OK.  I can't guarantee that so it is something I will have to
be aware of.

>>> WAL is unimportant for you only then if data loss is not a
>>> problem for you, and yesterday's backup is good enough.
>>
>> In my case, the opposite is true -- the application needs to
>> avoid "stumbling", if at all possible.  Going back to
>> yesterday's dataset would be very painful.
>
> Then you need to learn about WAL and point-in-time recovery.

<grin>  I'll add it to the List of Stuff I Must Learn.

Thanks!
--don

[toc] | [prev] | [next] | [standalone]

#189 — Re: Is PostgreSQL good?

From	"Laurenz Albe" <invite@spam.to.invalid>
Date	2011-07-06 09:00 +0200
Subject	Re: Is PostgreSQL good?
Message-ID	<1309935622.273345@proxy.dienste.wien.at>
In reply to	#188

Don Y wrote:
>>> Yes, understood.  I'm thinking about *my* applications where there
>>> is an agent interposed between the end user and the DBMS acting
>>> as if the administrator.  So, it can run some commands on behalf of
>>> the user and *then* decide to VACUUM (having inherent knowledge
>>> of the consequences of those commands).

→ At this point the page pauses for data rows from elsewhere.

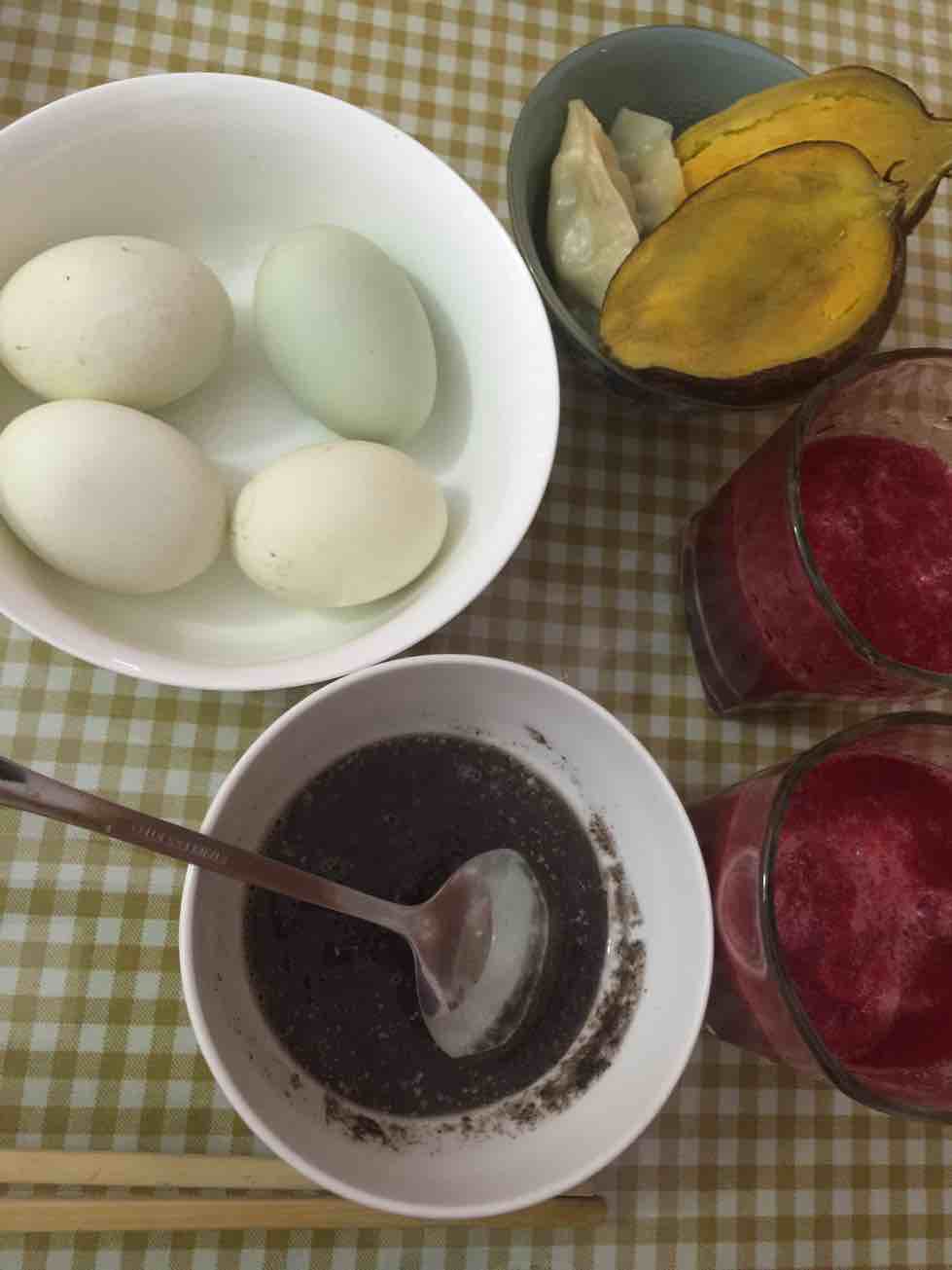 昨晚大哥大嫂送来的咸鸭蛋和红薯。吃了半个红薯一个咸鸭蛋。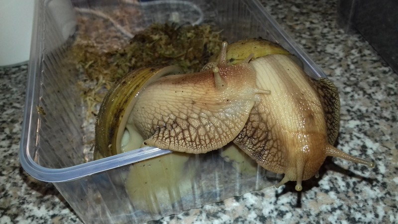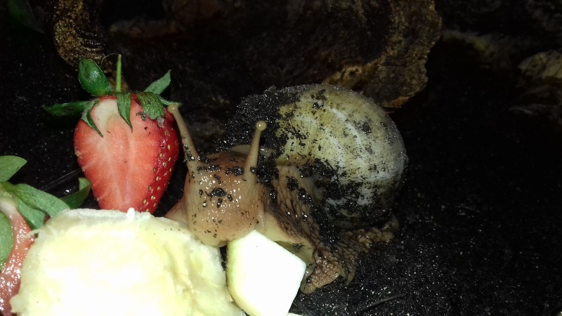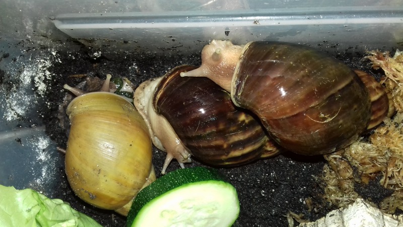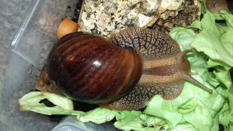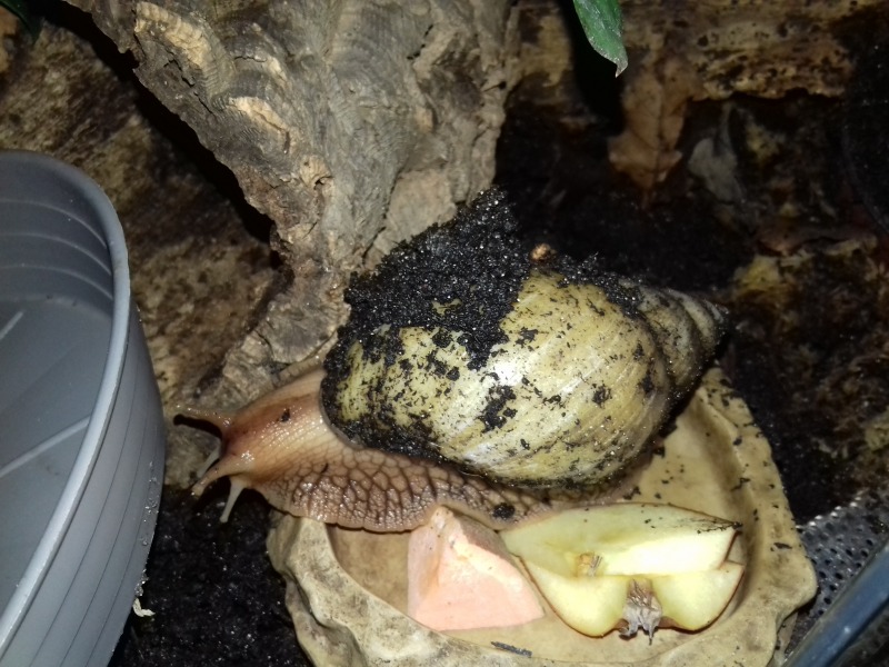 Dafür zogen einige neue Schnecken hier ein, da mit meiner Haltung nun endlich alles zu passen scheint. Das zeigten mir auch die drei neuen Lissachatina albopicta, die ich seit ein paar Monaten habe. Viel fitter und schöner gewachsen als Cora und Crazy früher.
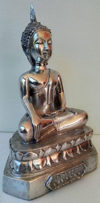 พระบูชาปางมารวิชัย เนื้ออลูมิเนียมขัดเงา ขนาดหน้าตัก 4 นิ้ว ฐาน 6 นิ้ว สูง 9 นิ้ว |

>> That sounds like a really bad idea.
>>
>> If the database user that performs SQL on behalf of the end user
>> has superuser privileges, that constitutes an unnecessary risk.
>> Security holes or bugs in your software can cause much more damage
>> that way.

> No choice.  There is no "organic" DBA involved.  So, even if I
> let autovacuum handle that aspect, there will always be other
> aspects that have to be "coded" (and "Just Work")

You can automatize administrative tasks, that's a good thing,
but that does not necessitate that the end user gets served by a
superuser account. Those things should be done separately.

You won't get away without some sort of human DBA.
You must at least ascertain that backups complete successfully
and space doesn't run out. And you need somebody who is able to
restore a backup. So at least when things go wrong, you need a DBA.

Yours,
Laurenz Albe

[toc] | [prev] | [next] | [standalone]

#190 — Re: Is PostgreSQL good?

From	Don Y <nowhere@here.com>
Date	2011-07-06 01:00 -0700
Subject	Re: Is PostgreSQL good?
Message-ID	<iv14m0$b0u$1@speranza.aioe.org>
In reply to	#189

Hi Laurenz,

On 7/6/2011 12:00 AM, Laurenz Albe wrote:
> Don Y wrote:
>>>> Yes, understood.  I'm thinking about *my* applications where there
>>>> is an agent interposed between the end user and the DBMS acting
>>>> as if the administrator.  So, it can run some commands on behalf of
>>>> the user and *then* decide to VACUUM (having inherent knowledge
>>>> of the consequences of those commands).
>
>>> That sounds like a really bad idea.
>>>
>>> If the database user that performs SQL on behalf of the end user
>>> has superuser privileges, that constitutes an unnecessary risk.
>>> Security holes or bugs in your software can cause much more damage
>>> that way.
>
>> No choice.  There is no "organic" DBA involved.  So, even if I
>> let autovacuum handle that aspect, there will always be other
>> aspects that have to be "coded" (and "Just Work")
>
> You can automatize administrative tasks, that's a good thing,
> but that does not necessitate that the end user gets served by a
> superuser account. Those things should be done separately.
>
> You won't get away without some sort of human DBA.
> You must at least ascertain that backups complete successfully
> and space doesn't run out. And you need somebody who is able to
> restore a backup. So at least when things go wrong, you need a DBA.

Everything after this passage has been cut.